> **EXERCISE DESCRIPTION**
Provide only the number of lines in the data below that contain the word "through".

----

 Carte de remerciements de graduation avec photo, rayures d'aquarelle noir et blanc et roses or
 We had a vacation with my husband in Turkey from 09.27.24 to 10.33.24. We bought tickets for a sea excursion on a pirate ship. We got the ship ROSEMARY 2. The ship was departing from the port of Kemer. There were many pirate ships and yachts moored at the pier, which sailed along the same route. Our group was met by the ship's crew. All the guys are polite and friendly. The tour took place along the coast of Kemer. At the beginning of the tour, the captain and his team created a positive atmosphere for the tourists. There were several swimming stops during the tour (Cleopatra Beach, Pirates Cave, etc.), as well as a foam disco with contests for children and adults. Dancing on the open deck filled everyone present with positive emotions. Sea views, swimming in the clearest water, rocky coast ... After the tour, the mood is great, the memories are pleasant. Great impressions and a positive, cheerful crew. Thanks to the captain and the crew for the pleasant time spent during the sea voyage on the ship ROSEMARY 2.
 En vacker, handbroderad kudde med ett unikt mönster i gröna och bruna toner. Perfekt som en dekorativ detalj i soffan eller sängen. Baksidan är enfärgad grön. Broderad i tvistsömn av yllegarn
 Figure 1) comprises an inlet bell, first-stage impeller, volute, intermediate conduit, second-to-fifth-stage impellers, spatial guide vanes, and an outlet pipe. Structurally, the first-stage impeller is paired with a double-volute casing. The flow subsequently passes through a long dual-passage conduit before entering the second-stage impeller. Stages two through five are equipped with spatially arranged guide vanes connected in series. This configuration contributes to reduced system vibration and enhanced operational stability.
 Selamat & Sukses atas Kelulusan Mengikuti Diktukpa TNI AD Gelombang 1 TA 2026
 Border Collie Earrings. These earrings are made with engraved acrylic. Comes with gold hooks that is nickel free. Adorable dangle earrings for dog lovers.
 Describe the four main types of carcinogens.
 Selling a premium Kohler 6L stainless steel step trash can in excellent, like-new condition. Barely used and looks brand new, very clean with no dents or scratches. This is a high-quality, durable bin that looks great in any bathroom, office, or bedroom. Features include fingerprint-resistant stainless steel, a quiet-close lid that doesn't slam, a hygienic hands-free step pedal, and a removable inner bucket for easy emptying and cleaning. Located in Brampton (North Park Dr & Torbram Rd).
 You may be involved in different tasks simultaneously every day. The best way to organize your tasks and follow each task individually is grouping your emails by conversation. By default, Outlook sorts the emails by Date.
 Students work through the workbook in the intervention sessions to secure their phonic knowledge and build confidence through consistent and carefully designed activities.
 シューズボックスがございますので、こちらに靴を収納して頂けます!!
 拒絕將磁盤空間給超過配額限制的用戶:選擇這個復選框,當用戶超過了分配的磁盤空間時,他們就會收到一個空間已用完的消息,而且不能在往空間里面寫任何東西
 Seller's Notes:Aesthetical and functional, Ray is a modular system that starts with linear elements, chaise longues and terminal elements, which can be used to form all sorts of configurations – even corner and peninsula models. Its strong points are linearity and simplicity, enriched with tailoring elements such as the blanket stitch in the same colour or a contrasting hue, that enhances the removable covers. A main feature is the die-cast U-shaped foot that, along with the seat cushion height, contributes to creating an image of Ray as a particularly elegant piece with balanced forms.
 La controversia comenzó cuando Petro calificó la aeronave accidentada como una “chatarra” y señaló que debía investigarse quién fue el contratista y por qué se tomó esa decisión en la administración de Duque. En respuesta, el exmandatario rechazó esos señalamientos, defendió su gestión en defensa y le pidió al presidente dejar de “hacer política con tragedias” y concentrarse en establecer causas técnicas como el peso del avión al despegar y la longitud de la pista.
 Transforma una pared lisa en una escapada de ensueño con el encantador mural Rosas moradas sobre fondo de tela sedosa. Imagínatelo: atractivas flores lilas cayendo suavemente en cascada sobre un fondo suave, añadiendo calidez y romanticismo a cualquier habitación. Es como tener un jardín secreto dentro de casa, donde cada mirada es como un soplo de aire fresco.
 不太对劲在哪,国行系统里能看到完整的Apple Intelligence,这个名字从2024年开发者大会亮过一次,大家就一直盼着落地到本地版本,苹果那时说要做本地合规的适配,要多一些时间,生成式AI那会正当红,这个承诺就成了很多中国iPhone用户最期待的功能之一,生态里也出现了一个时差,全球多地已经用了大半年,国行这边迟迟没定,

----

> **TASK OUTPUT**
2